Tech Blog

Hello,

Preface this post by saying a man from Exchange support said “This is the most complicated Exchange environment I’ve ever seen”.

That said this issue is pretty common and hopefully this post will help someone else.

We have an Exchange 2010 to 365 hybrid environment that look a bit like this:

We had an issue where users on our 365 tenancy couldn’t see on the Exchange 2010 on-premises free/busy info for users in Group2.contoso.com.

Now I know what your thinking, just compare the settings on Group1 to Group2, well due to company rules and politics I can’t….I can only troubleshoot group2 and the servers there.

So first things first, check users permissions and setup a test user and find the error in Outlook:

“No Information. No free/busy information could be retrieved”

The recipient’s server could not be contacted. Contact your administrator.
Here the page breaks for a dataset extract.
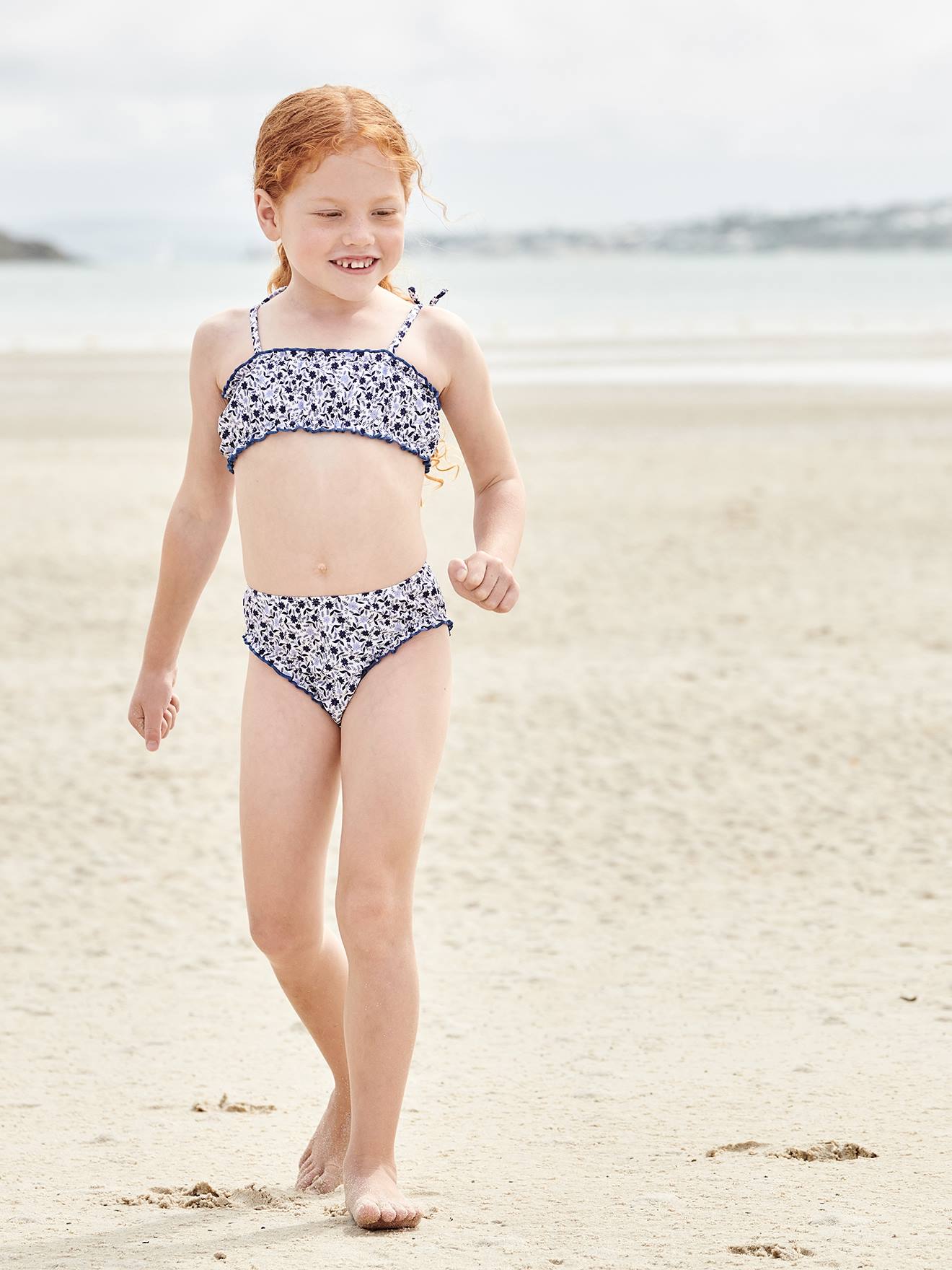 This bikini ticks all the boxes when it comes to making girls happy! A lovely floral print, small ruffles... We love this bohemian chic bikini! Bikini for girls Printed all over with small flowers Top part features ruffles on the straps Smocked at the top, on the front All-over print on the briefs Ruffled trim on the waistband MORE INFORMATION Seawater and chlorine resistant Rinse after each u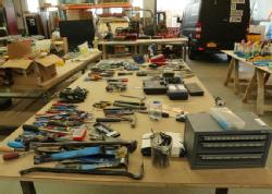 Hand tools including combination wrenches, hammers, screw drivers, hand files, flex saws, socket sets, scrapers, files, ratchet, flatbar, chisels rivet gun, wire brushes, wrenches, adjustable wrenches, hole saws, Alan (hex) key sets, pry-bars, hammer, scissors, wire cutters, drill bit set, three drawer ranging in size from approx 1/16" to approx 1/2". 1/64" intervals. Approx 8"x15"X 8"t. Buyer must take all. Excludes table. Pickup can be completed on both days.

Thanks to Babunski and his post I found this really good troubleshooting guide and everything looked ok:

https://support.microsoft.com/en-us/help/10092/troubleshooting-free-busy-issues-in-exchange-hybrid-environment

• Firewall is fine,
• Network is ok,
• DNS surprising is working,
• Check Exchange online tool:

https://www.testexchangeconnectivity.com

• 365 to prem relationship is ok:

OrganizationRelationship -Identity "Exchange Online to On Premises Organization Relationship" | FL

• IIS Logs look ok, %SystemDrive%\inetpub\logs\LogFiles

• EWS logs look ok, %SystemDrive%\inetpub\logs\LogFiles

• Checked the external URL – seems ok.

Get-WebServicesVirtualDirectory | FL Name,Server,externalURL

• Check the IIS permissions with – this looked ok

Get-WebServicesVirtualDirectory | fl name,server,externalURL,ExternalAuthenticationMethods

• Checked IIS EWS and Autodiscover:

• Checked more relationship stuff – all ok

Get-OrganizationReationship -Identity "On Premises to Exchange Online Organization Relationship”

Next – contact support!  🙁

Before I contact support I did find one more URL that suggests to check the certs and import the cert you used to setup the federation onto the CAS server which unfortunately didn’t work for us:

https://support.microsoft.com/en-gb/help/3057905/exchange-online-users-cannot-access-free-busy-information-of-users-in

Soooo here I am, time to contact support.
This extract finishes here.